Figure 5.3 Daily definitely automated traffic evolution for Italy, the United Kingdom and Portugal, overlaid with Europe.

Definitely automated traffic did not have that much of a pronounced variation. Italian traffic kept steady throughout, and Portugal had a rather large increase. The biggest one, however, was the United Kingdom, which tripled its initial count.

Figure 5.4 Verified bot traffic evolution for Italy, the United Kingdom and Portugal, overlaid with Europe.

Verified bot traffic is steady, except in Italy, with a massive increase between March and May. What could be the cause of this? Are these a few zones, getting a massive number of requests?

Figure 5.5 Verified bot traffic in Italy for the top 10 000 zones, relative to January 15th 2020.

Well, no. If we only examine the top 10,000 zones (by total verified bot requests), we can still see a massive increase in traffic for other zones. So, what’s happening?

Let's look at user agents. We can separate the top 10 user agents during the bump, and see how they evolve over time.

Figure 5.6 Verified bot traffic in Italy for the top 10 user agents, relative to January 15th 2020.

We can see that these 10 user agents are responsible for the majority of verified traffic coming from Italy.

Figure 5.7 Verified bot traffic in Italy for the top user agent, relative to January 15 2020.

In fact, most of this increase is from a single user agent. This instance of Google image proxy anonymizes image requests from Gmail, which explains its popularity.

Where does this increase come from? Did this bot suddenly appear and disappear?

Not quite. One thing to keep in mind when dealing with bots is that they cross borders easily. As a proxy service, this bot is making calls on behalf of the end user – people opening emails. These requests will originate from a data center, which can be anywhere in the world. To see this in action, let's take a look at traffic for this bot in a few select countries.

Figure 5.8. Countries of origin for GoogleImageProxy.

We can see that the global average barely budges. It appears that Google may be moving image proxy traffic between data centers and during the period we observed above that traffic was coming from Italy.

Summary

With Cloudflare’s global reach, we’re in a position to understand how bots behave.

The first half of 2020 saw a massive increase in web traffic of around 35% since the beginning of the year, driven by the ongoing coronavirus pandemic, and some bots have taken advantage of it.

We explained how bot management works for our customers, and how we distinguish between likely automated and human traffic.

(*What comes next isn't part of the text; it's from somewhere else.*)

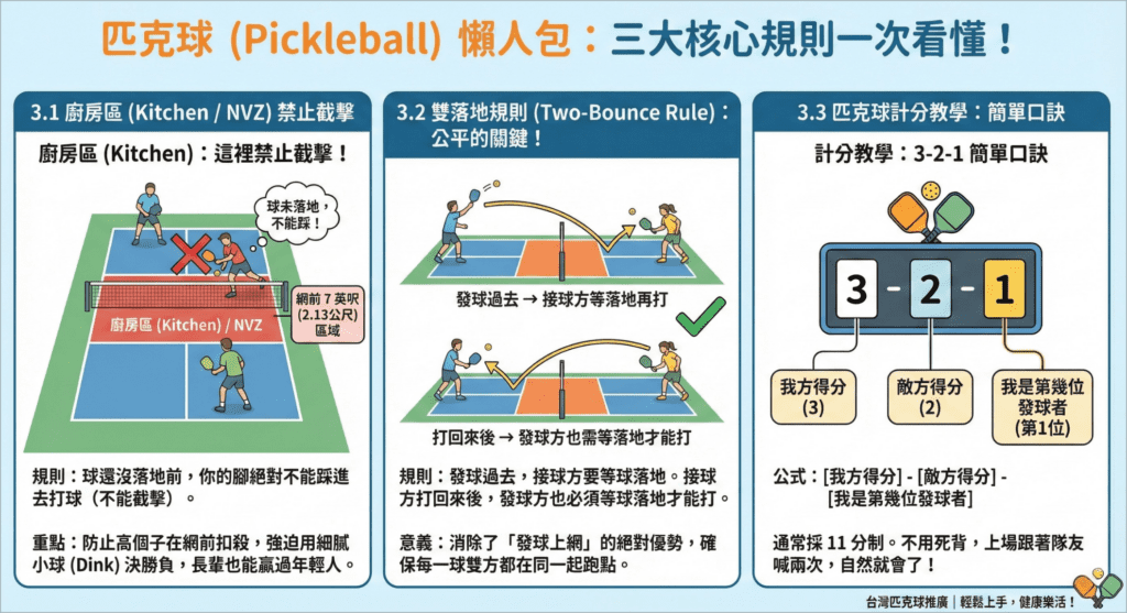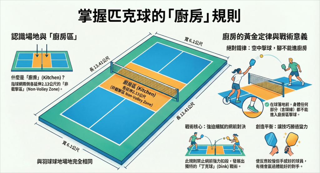 • 戰術意義: 這條規則是為了防止網前無腦扣殺,強迫進行細膩的「丁克球(Dink)」對決,這也是為什麼長輩能靠經驗贏過年輕人的關鍵。

We showed an overview of how much of our global traffic is automated, and how bots change their behavior throughout the day and the week. Notably, 39.4% of all traffic Cloudflare processes comes from a suspected automated source.

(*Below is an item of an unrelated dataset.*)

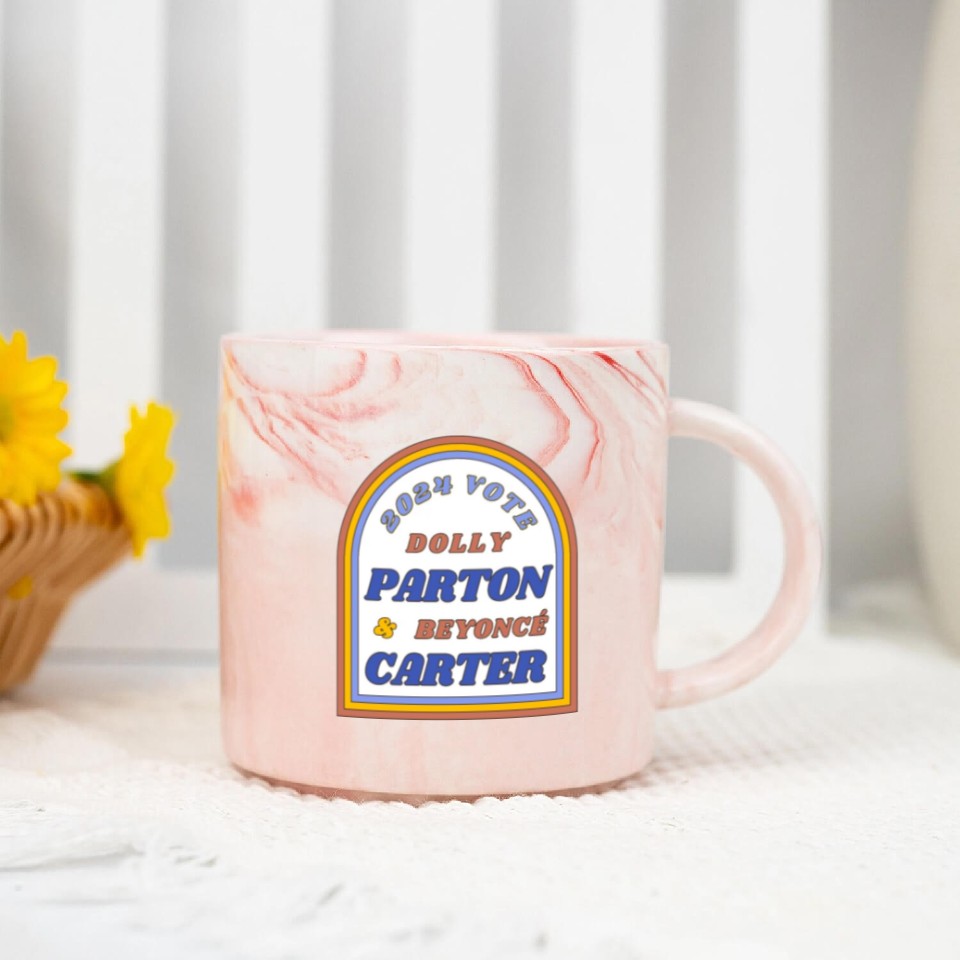 You are viewing one of the trendiest products Vote Dolly Parton & Beyonce Carter 2024 Election Marble Mugs For Pink belong theme Marble Mugs at Printblur

A regional overview of automated traffic lets us know which regions were the source of traffic from likely automated agents. North America, Europe and Asia were the primary sources of traffic, and also of automated traffic in particular.

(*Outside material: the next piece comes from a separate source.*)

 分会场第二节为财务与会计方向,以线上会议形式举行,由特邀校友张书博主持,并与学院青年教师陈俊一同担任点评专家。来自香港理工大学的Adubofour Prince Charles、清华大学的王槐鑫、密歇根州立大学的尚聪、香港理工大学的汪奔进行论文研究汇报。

We then focused on North America, where the majority of automated traffic originates. The United States alone accounted for the majority of requests, over half of which come from automated sources.

To explore this further, we briefly dived into ASN traffic in the United States, so we could see where these requests were coming from. ASNs like Comcast and AT&T were the top ASNs for overall traffic, but unsurprisingly, data centers like Google and Amazon AWS were the main drivers of automated traffic.

Finally, we examined how the coronavirus has impacted traffic in Europe, with a deeper dive on Italian traffic. This led to some interesting insights on verified bot traffic, which saw a massive increase in Italy for a few months.

This post is a small peek into bot management at Cloudflare. In the future, we hope to expand this series of blog posts on bot management, exposing even more insights about bots on the Internet.